Castiel turned and watched back. "Because people from opposite ends of town died at the same time. It could not cover that distance so rapidly."
The elder Winchester made a sound at that, seeming to appreciate the clever if damning deduction. He turned his eyes away and started looking around at the wreckage. A troubled expression settled on his face.
"Why are they all still here?" Dean breathed to no one in particular. "Shouldn't this place be, I dunno, cleaned up?"
"Evidence," Castiel's voice dropped heavy in the air. "Many people have been here already, taking photos and putting things in small bags. They'll be coming back to catalog the bodies. We shouldn't be here when they arrive."
Sam gave the ER a baleful, hopeless look and found himself staring at the receptionist again. Her head had nearly crashed into a glass of water on her desk. He could see her nose distorted by the refraction.
Struck, he looked up sharply.
"Water supply."
And Dean's eyes flashed as he nodded in confirmation. "They've got city water, so there's gotta be a central pumping station. Cas?" Dean turned an expectant look the angel's way, and Sam scurried over so as not to get left behind.
"Slagle's Run Raw Water Pumping Station." Cas frowned at them both. "But Dean, I don't think---"
"C'mon man, I'm actually asking here. How often do I ask you to spread your wings and fly?" Dean's eyebrow quirked into a lewd look.
Cas sighed, exasperated.
Dean pressed. "Do we or do we not have to avoid the authorities?"
"Yes, but---"
"Then make with the magic."
Dean got a tight-lipped glare and a huff of impatience. But Castiel was Castiel, and sometimes maybe taking orders was just habit. He tapped them out of the hospital on a flutter of angel wings.
XXX
Somewhere beneath their feet water rushed with a steady, vibrating rumble they could feel up through their knees. Sam spun around to get his bearings. The place was shockingly clean, sparse, and dry. Just the inside of a warehouse with some metal piping and big motors. Who'd've thunk? Sam pictured vast pools of water, rusted damp pipes, totally cool 1890s industrial iron works, and some kind of internal whirlpool waterfall thing, you know, for effect. Reality could be such a let down.
"What are we looking for?" Castiel asked with patient longsuffering now that he was allowed to speak.
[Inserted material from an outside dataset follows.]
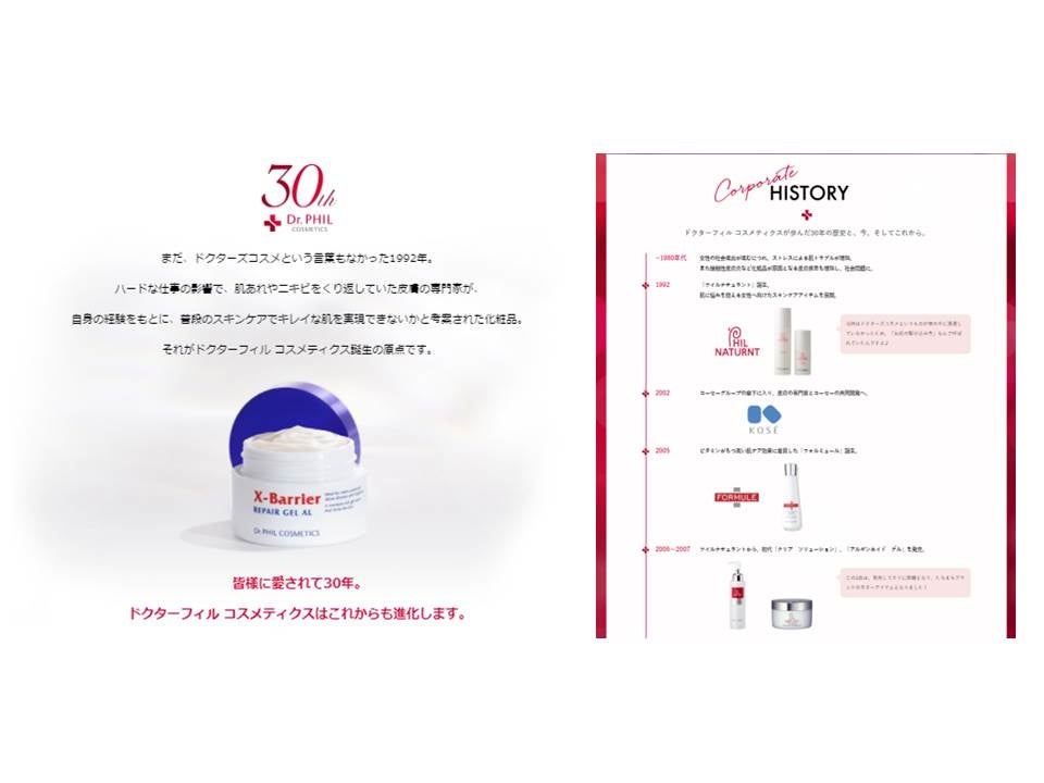 株式会社ドクターフィル コスメティクス(本社:東京都中央区 株式会社コーセー100%出資、代表取締役:山田 育宏)は、2022年に創業30周年を迎えるにあたり、長年のご愛顧に対する感謝を込めて、2022年5月から2023年4月まで、公式通販やドクターフィルコスメティクス取扱店の店頭で、30周年記念企画をさまざまな形で実施します。その一環として、5月27日(金)より公式ホームページ内に特設サイトを開設し、30周年記念スペシャルコンテンツを掲載します。

Dean gave him a close look. "Your spidey-sense isn't tingling, is it?" Which was answered with a slightly confused frown. "Demons," Dean elaborated. "Can you sense any demons."
The angel didn't move his eyes from Dean. "No."
"Damn."
Castiel shot them both a curious look. "Why did you think there would be?"
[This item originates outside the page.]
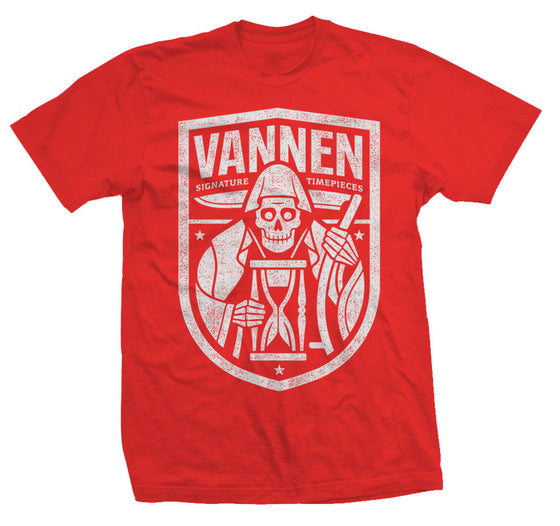This limited edition Vannen Watches red "Reaper" T-shirt is printed on 100% Cotton fabric for a great unisex fit. NOTE: If you are currently between sizes; we recommend that you order the next size up.

Sam took that one. "On the way in," he said, "we drove by a lake. All the fish were dead."
A sage nod from their angel of the Lord. "That explains your odor."
Dean snorted.
Sam deadpanned and tugged at his collar underneath the suit. "Yeah," he replied, self-consciously. They were finding the nearest dry cleaner as soon as this was over. Possibly, the nearest Mens Wearhouse.
A small change in the set of Castiel's shoulders made him look more serious, an accomplishment really.
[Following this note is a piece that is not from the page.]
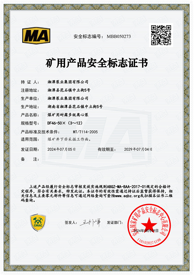 煤礦用耐腐多級離心泵 DF46-50X(3-12)

"The lake," he intoned. "Was it boiling?"
"Boiling?" Sam repeated in surprise and looked at Dean. "No . . ." he hedged.
"Kinda foggy though," His brother added helpfully.
Castiel slanted a glance over. "Could it have been steam?"
"Uhm," Dean said and exchanged shrugs with his brother. "I guess so? If I say yes, does that help?"
The angel looked thoughtful and glanced at them both, doing some kind of calculation that he didn't seem to think was necessary to share. "It's important, but it is only one clue."
"Well, that's great. All the options really suck, then?"
Castiel offered a bitter grin. "Boiling lakes are rarely a good thing."
Dean sighed and held his face in his hand for a second. Sam's gaze connected with his brother's, and they stared at one another. Then Dean blew out a breath. "Okay, so, let's say we assume it's a demon, 'cause what isn't, these days. And being a demon, one town won't be the end of this. We need to figure out where it's going to go next, blip there first, and waste the S.O.B. before another city bites the dust."
Sam got that sinking feeling in his gut, and heard a little voice saying Danger, Will Robinson all over his internal monologue. He opened his mouth to speak, but Cas beat him to it.
"I disagree."
Dean's eyebrows nearly hit the roof.
"Cas is right," Sam found himself saying. His brother's jaw snapped shut, and Castiel gave him a small look of pride. "We don't even know if it's a demon. Could be a spell. Could be anything. And you just heard Cas. He can't heal us if something goes wrong. Like it or not, man, we go in blind on this and we're dead."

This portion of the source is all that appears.